**DATA SECTION**

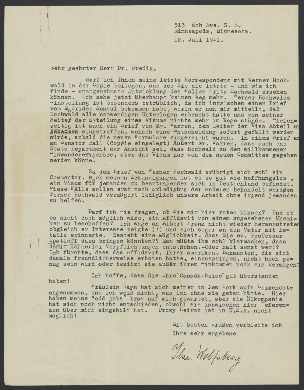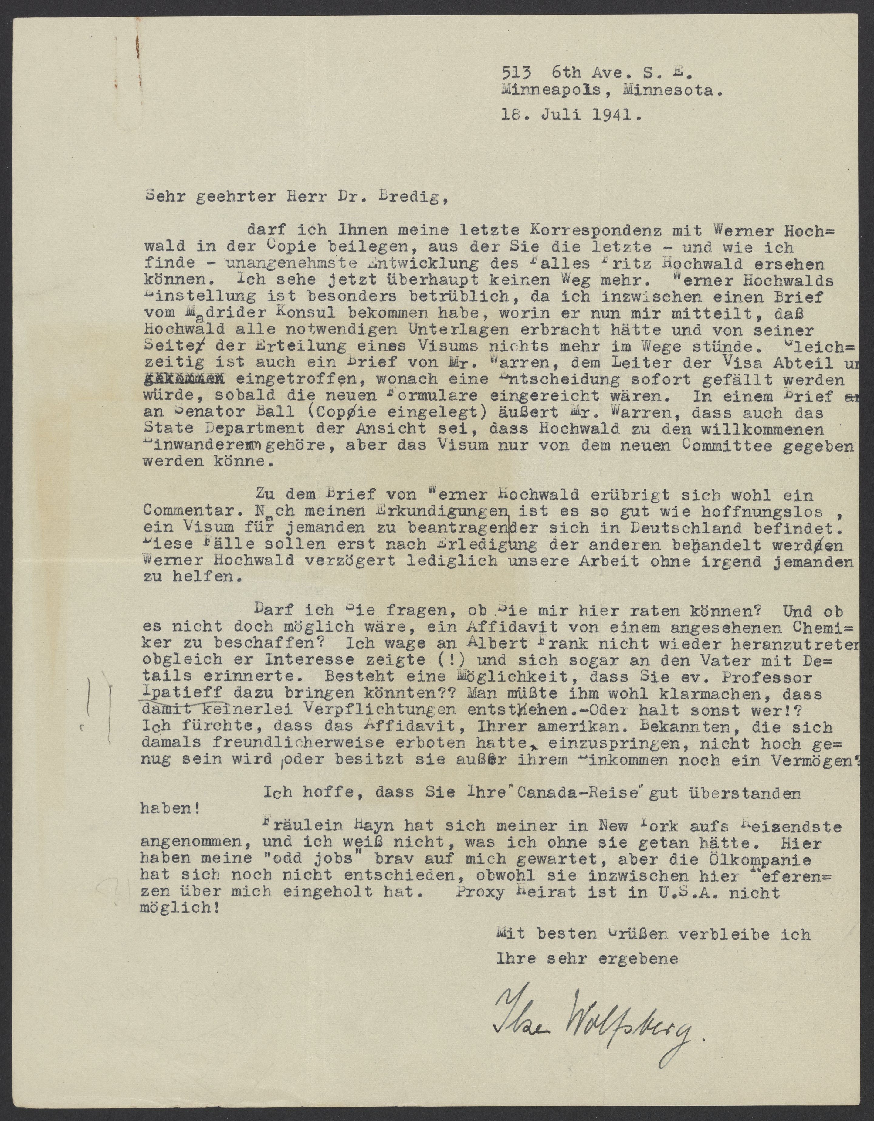 Letter from Ilse Wolfsberg to Max Bredig, July 18, 1941
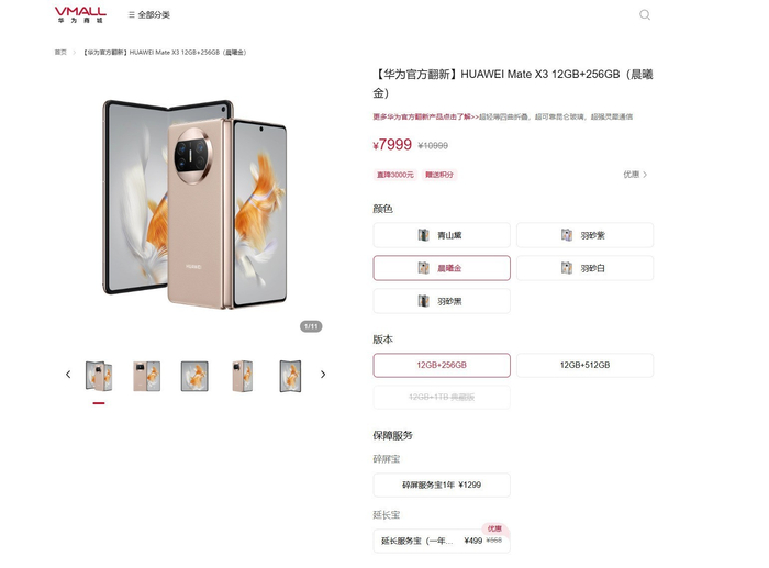 性价比更高了!华为Mate X3官翻版降至7999元
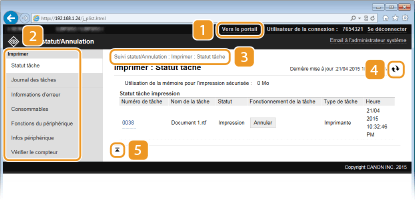 Affiche la page [Suivi statut/Annulation]. Vous pouvez utiliser cette page pour vérifier l'état actuel de l'impression, annuler le traitement de l'impression et consulter l'historique des tâches d'impression.

**EXERCISE DETAILS**
Begin with the line that contains "性价比更高了!华为Mate X3官翻版降至7999元" and copy every line through the end of the listing, exactly as written, both ends included. Pictures are not part of the copy.

**OUTPUT BELOW**
 性价比更高了!华为Mate X3官翻版降至7999元
 Affiche la page [Suivi statut/Annulation]. Vous pouvez utiliser cette page pour vérifier l'état actuel de l'impression, annuler le traitement de l'impression et consulter l'historique des tâches d'impression.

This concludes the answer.